The ATO is putting crypto profits under the tax microscope

We dig into whether the ATO actually tax you for buying and selling crypto

What's the key learning?

  • People are taxed on their profits, called 'Capital Gains'
  • The ATO has classifed crypto as an asset
  • If profit is made on crypto it is seen as 'Capital Gains'
  • If you have bought crypto but not sold it, you will not be taxed
  • This ruling by the ATO is a grey area because it has not been tested in a court of law

THEY CAN TAX ME FOR MY CRYPTO EARNINGS?

The Australian Tax Office has come out swinging, saying it is coming after crypto investors this financial year.

The crypto market has enjoyed gigantic rises in value in 2021 - and 44% of Aussie millennials are now dabbling in the crypto market.

One of the main drawcards of cryptocurrency is the anonymity of ownership - so it will be interesting to see how the government finds out who owns what and if people will take on the ATO and try hide its earnings.
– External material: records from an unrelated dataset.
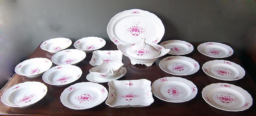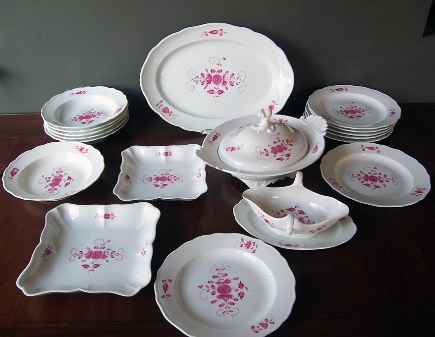 Meissen Service, Indisch Purpur 19.Jh. Speiseservice, 18 Teile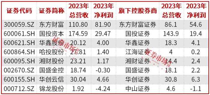 除已公告实施吸收合并的国盛金控,还有一些券商仍是A股上市母公司的全资或控股子公司,其中就包括华创云信与华创证券、东方财富与东方财富证券、华鑫股份与华鑫证券、国投资本与国投证券、湘财股份与湘财证券、哈投股份与江海证券、锦龙股份与中山证券等。面对这样的股权架构,在综合考虑母子公司业绩表现和发展战略后,不同企业作出了不同的选择。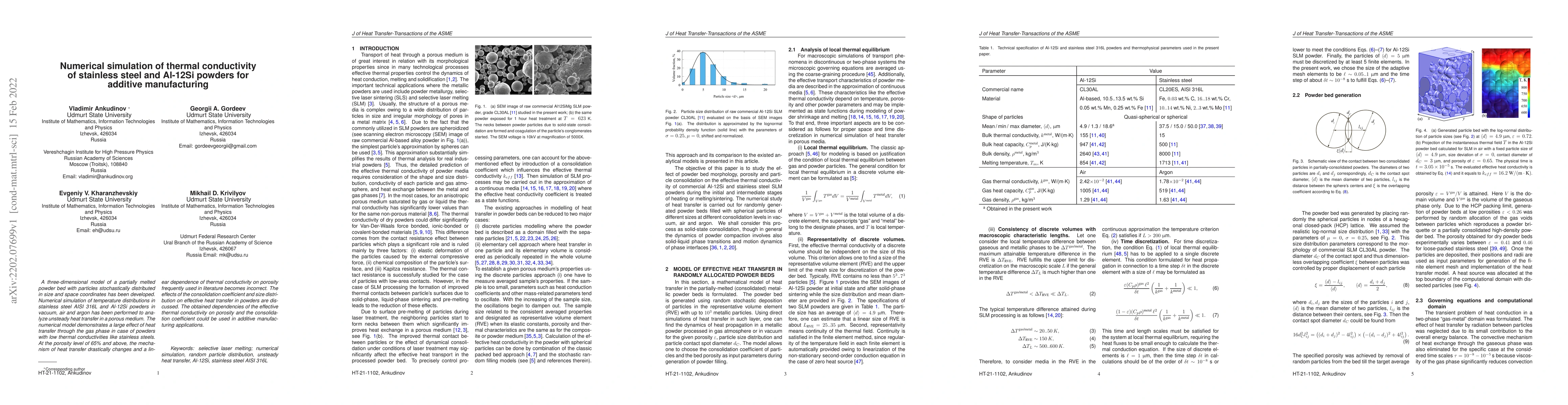 This paper develops a three-dimensional numerical model to simulate unsteady heat transfer in partially melted stainless steel and Al-12Si powder beds, showing significant gas phase heat transfer effects in low thermal conductivity materials. It reveals that traditional linear thermal conductivity models fail at high porosity levels, providing new insights for additive manufacturing.
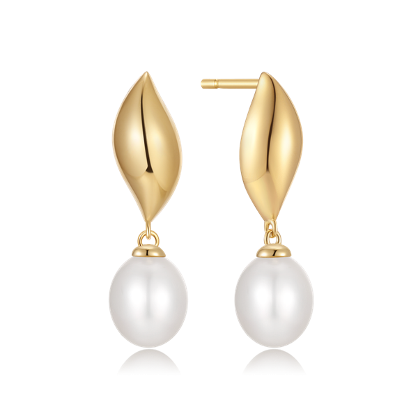 Sølvforgyldt ørestikker oval øje med ferskvandsperle i bunden.

So, what is the key learning?

The ATO is classifying digital currency (such as crypto) as an asset, like shares or a house. Therefore, if crypto is sold at a profit, it is subject to a tax law named 'Capital Gains Tax'.

While the ATO has made its decision re crypto taxes, it still remains a grey area because nobody has tested the ATO's ruling in a court of law.

If you just buy and HOLD ON FOR DEAR LIFE, then you don’t need to pay tax on your crypto, even if the value of your portfolio increases (or decreases) significantly.